Ghetto Cowboy is nearing its finish line. It has been quite a journey, and .... wait a minute. Why am I talking like it is finished? There's lots that could still happen in a few weeks. I could lose my hand in a boating accident. I could sleepwalk to my studio and paint out the faces in every piece. I could obsess about each little detail so much that it drives the life out of the painting and I have to start from scratch. (Here's hoping none of those come true.)
I am nearing the last lap and this is a good time to think about how I am feeling about the project so far. One of the things I like to do is to assess how happy I am with the style at that point in time. Did I do it just because that is what I did for my last book? DO I still like this style? Am I wishing I could be looser? Tighter? More graphic? More painterly? If so, I need to find a way to bring some of that into the next project. And there is really no better way to do that than to just have a session and paint the hell out of a bunch of canvases and boards. Try stuff out. Play around. Try to tell the same story several ways.

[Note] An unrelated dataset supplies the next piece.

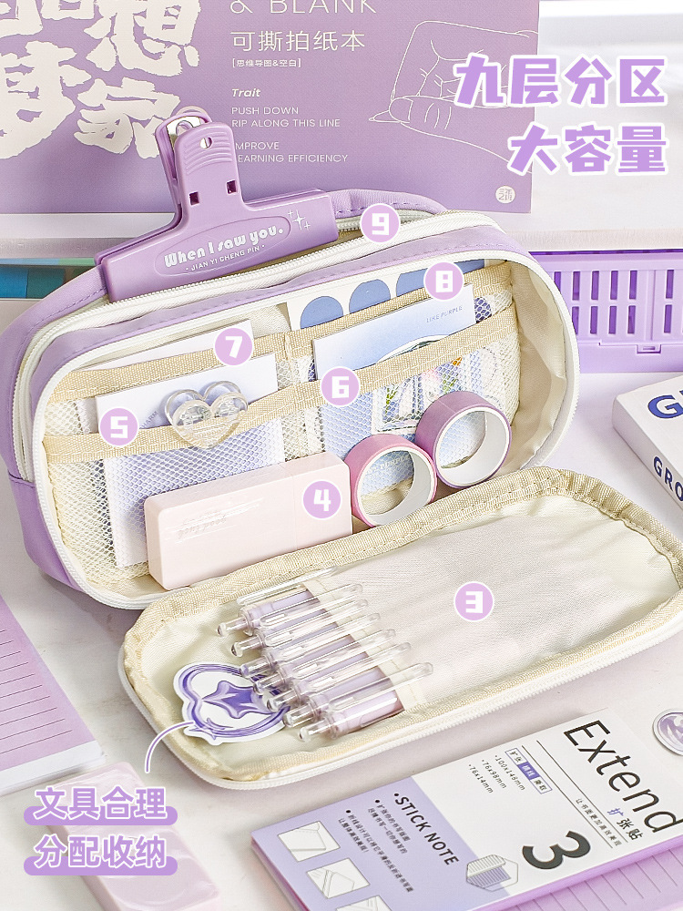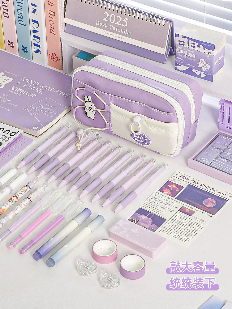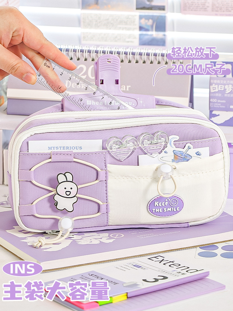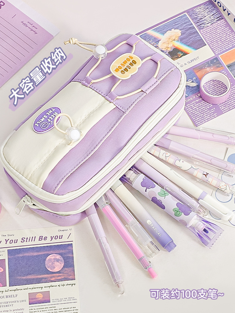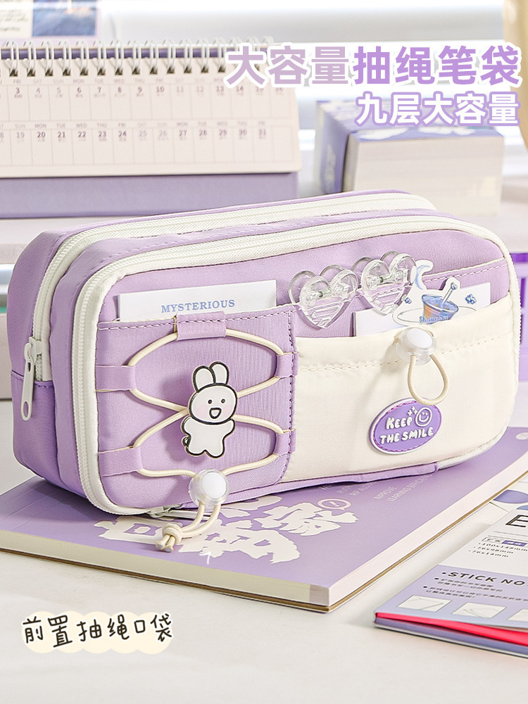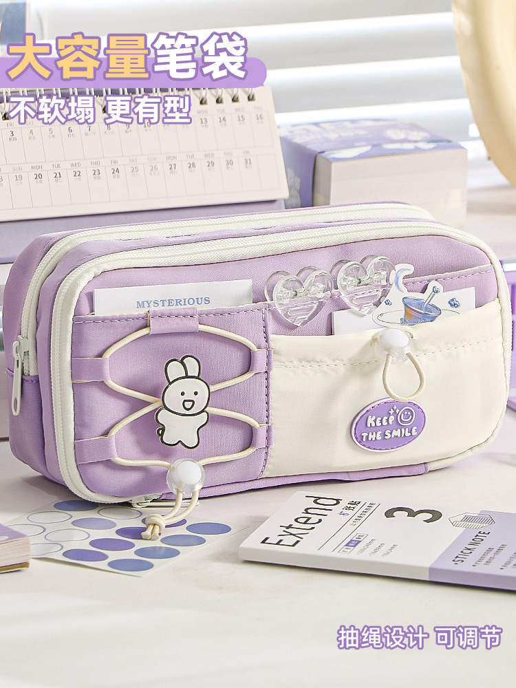 2025 새로운 귀여운 소금 더블 드로스트링 슈퍼 귀여운 문구 상자 대용량 간단한 고가치 연필 케이스 문구 상자스토어 가기

See which piece rises to the top.
As a nice mental break from book work throughout the days and nights, I set my illustrations on the counters in my studio and take quick little dips into the water of exploration. While working on some portraits and other jobs, I try out new directions and techniques. Who knows. Maybe some will turn out. If not, they can spend a few months or years in the closet. The important thing is to keep myself from getting stiff joints, artistically. I want to always be learning and in the process of finding out how to do it. The search is the destination. Otherwise, it is like a spoiled kid on the day after Christmas. No drive, no life. No goal, no soul.
Back to work. See you when it's finished.